[lbo-talk] Rosa on Old Women (Was: Graeber responds to Hedges)

shag carpet bomb shag at cleandraws.com
Fri Feb 10 06:36:57 PST 2012


At 08:02 AM 2/10/2012, lbo83235 wrote:
>On Feb 10, 2012, at 2:45 PM, Carrol Cox wrote:
>
> > Fuck it someone says; there
> > will never be a really good time. Let's DO IT. Let's RISK it. We can't do
> > worse than look like fools. Let's do it!
>
>Fair enough, but I think you're overlooking an important dimension to
>this, which is how the group responds if someone has the courage (if that
>is the word) to say, "I *so* want to do this, but I'm scared shitless."
>How does the group respond to that? Does the person get shamed into
>compliance, or hounded out of the group? I'm not discounting the
>possibility that maybe they *should* be so shamed, or so ostracised, but I
>think we should have an honest and frank conversation about when and why.
>If we're going to shame or ostracise people, we should do it consciously
>and intentionally, rather than out of in-group tribal-identity dynamics,
>or interpersonal ego-swinging crap, one or the other of which is what
>usually happens. Or both. I'd like to redeem the concept, so to speak, and
>I understand and like the example you've cited. But I do think the
>language of heroism is easily co-opted in service of retrogressive forces,
>so should probably be approached a bit carefully.

I think he used an unfortunate example. I think CC is talking far more generally. I have never, ever had anyone complain b/c I didn't want to do something that might risk my arrest for instance. The point is that you are there at all, engaged; not merely supporting (to borrow's Joe C's apt complaint about "support") but engaged, doing something.

Boots Riley is fascinating to read in this regard, someone to learn from. He constantly hammers home the message, "Look, the black bloc bothers you? Afraid to march because you might get hurt. There are plenty of other things you can do."

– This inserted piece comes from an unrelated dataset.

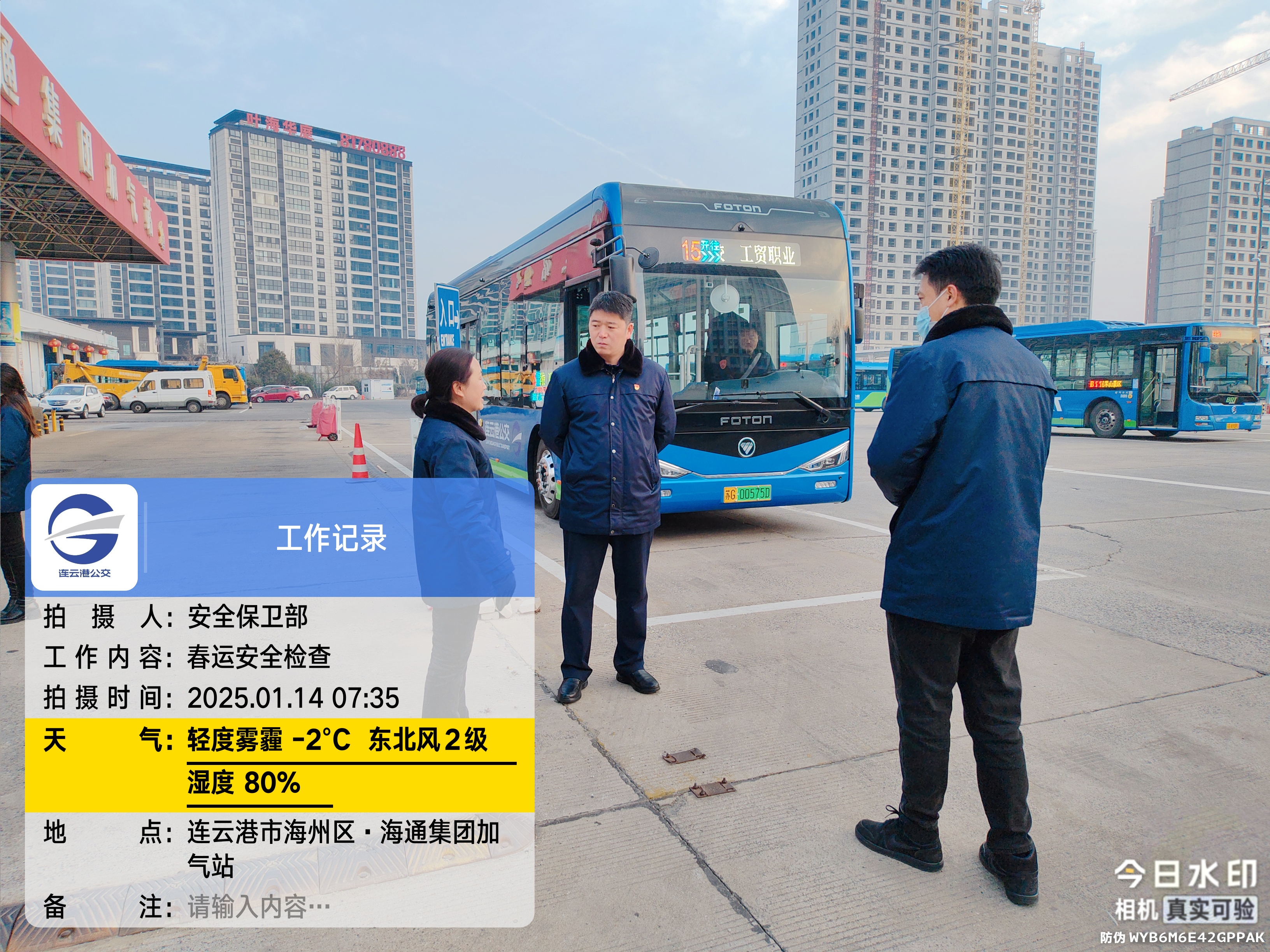 1 月 14 日春運首日,公交集團黨委書記、總經理王學兵及領導班子成員、相關部室成員組成春運檢查組深入一線,開展安全生產大檢查,確保春運期間市民出行安全。此次檢查是對集團 2025 年度春運動員大會精神的有力踐行,旨在為廣大市民的出行安全保駕護航。

He's getting at what I mentioned elsewhere: this pervasive tendency for lefties to look for near perfection in any org or activity before they join it. there's this sense that it will fail, that no one will know what they are doing, that they'll make mistakes, that they'll look like idiots if they leaflet an event and people end up yelling at them instead of being supportive, or things just don't turn out as planned, or - as so often happens - energy and eagerness dissipate into busy lives, apathy, lull....

when I would ask them, "so, if you don't like the outfits that are out there, if you feel uncomfortable plugging in to something and adapting, why don't you start your own...."

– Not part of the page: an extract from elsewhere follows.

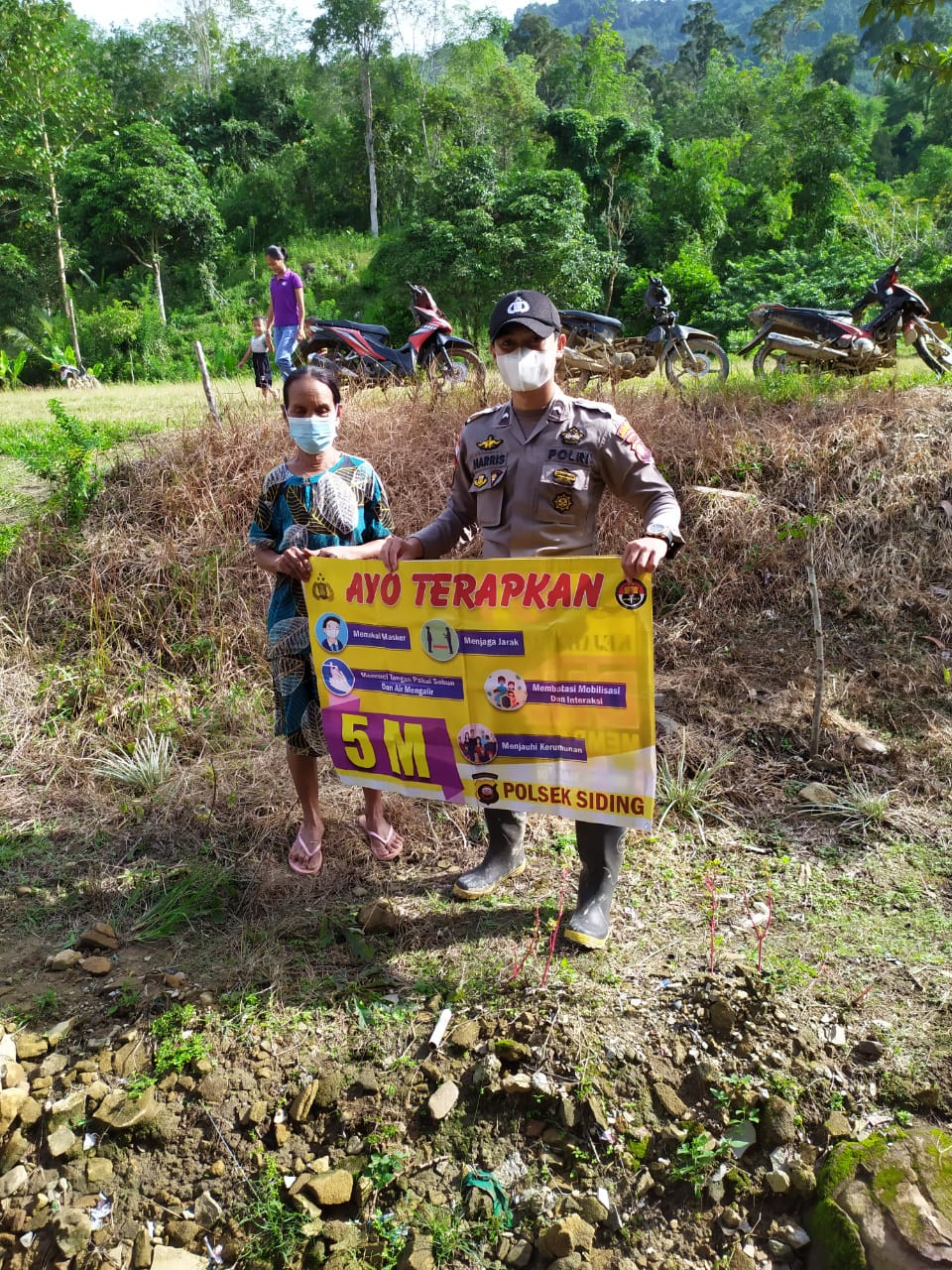 Dalam upaya untuk mendisiplinkan masyarakat terkait kepatuhan terhadap protokol kesehatan yang dikeluarkan oleh pemerintah, Personel Polsek Siding Bripda Dainel Harris tidak henti-hentinya menyambangi masyarakat untuk memberikan himbauan agar selalu menggunakan masker pada saat beraktivitas diluar rumah.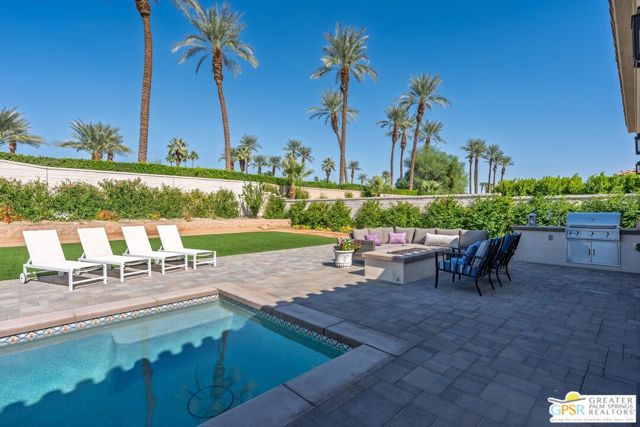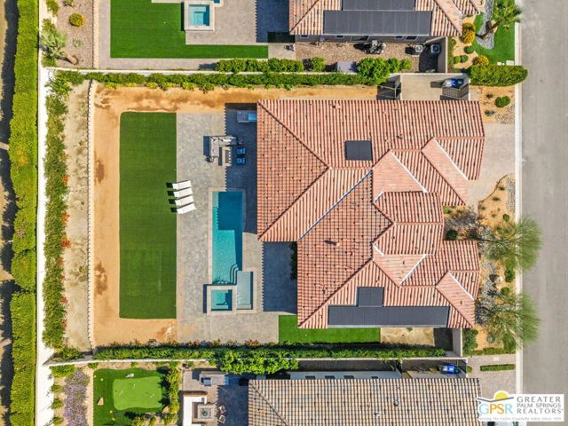 Welcome to The Province, Indian Wells' premier newest luxury gated community. Experience modern desert living at its finest in this newly built contemporary masterpiece that perfectly blends sophistication, comfort, and smart design. Set within the exclusive enclave of The Province, and situated on one of the LARGEST LOTS in the community at 13,068 Sq. ft., this stunning residence offers seamless indoor-outdoor living with an open-concept layout, refined finishes, and resort-style amenities. Inside, the expansive great room connects effortlessly to the dining area and chef's kitchen, creating an inviting space for entertaining or everyday living. The gourmet kitchen is equipped with top-of-the-line stainless steel appliances, including a Sub-Zero refrigerator and WOLF 6-burner range with double ovens, complemented by sleek European-style cabinetry and a striking Quartz waterfall countertop island. Use the convenient pass through kitchen windows for easy indoor -outdoor entertaining. Every detail has been thoughtfully considered, from the soaring ceilings, fireplace and custom plantation shutters. Property is highly upgraded, including ceramic tile floors throughout that look like wood. The home features three spacious bedrooms, each with its own private en-suite bathroom, and a custom-designed 9-foot primary closet with built-in organization. Beautiful tile flooring extends throughout for ultimate comfort and convenience. Step outside to your own private desert retreat. The backyard has been designed for effortless entertaining, featuring over 2,000 square feet of premium turf, a built-in BBQ island with rotisserie and infrared warmers, and custom landscape lighting. The spacious rear yard with room to add an ADU. The sparkling saltwater pool with tanning shelf and spa, fully controlled via smartphone or Wi-Fi make it easy to relax or entertain in style. Smart and sustainable living is at the heart of this home, with an owned solar system to provide energy efficiency and savings, tankless water heater, leak detection with automatic shut-off technology. A full fire sprinkler system adds peace of mind. Ideally located just moments from world-class golf, spas, and fine dining, and minutes from famed El Paseo the "Rodeo Drive" of the Desert this residence offers both luxury and lifestyle. As an Indian Wells resident, you'll also enjoy exclusive privileges including discounted golf and dining at the Hyatt Resort, plus complimentary access to the state-of-the-art Hyatt fitness center, shopping, entertainment and restaurants are all close by.

Answer: I'm not a leader. I've not got the personality to do such a thing. I know I should. I know I should try harder, I just don't think I would know how to do it and, basically, I really don't like people.

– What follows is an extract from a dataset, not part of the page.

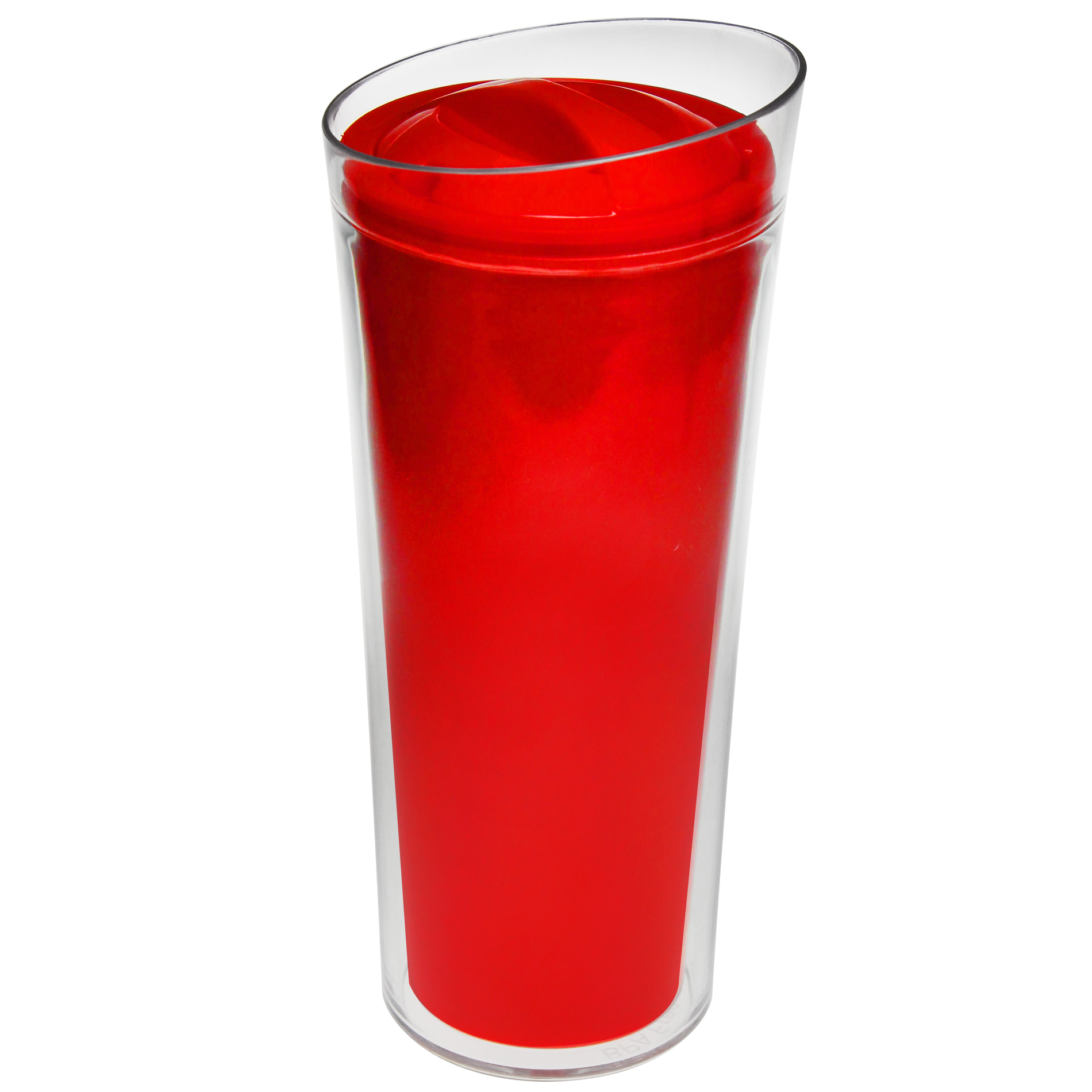 Vaso Fresh de doble pared con tapa y mecanismo de apertura, transparente por fuera. Capacidad de 450ml

There was an article I posted here, by an anarchist in Las Vegas who said that the reason why people on the left didn't join OWS or why they held it at arm's length is because they are ashamed of the fact that they have these high ideals about how people should be, what the left should look like, what "the people" ought to stand for, but when they actually have to mix it up with them, they discover they just don't like them. The shame they feel in contrast to the ideal they have of themselves as "man or woman of the people" leads to self-hating depression and inability to get off asses, etc.

the constant focus on how flawed and bad people in the movement are is a projection of their own disgust with themselves as flawed human beings.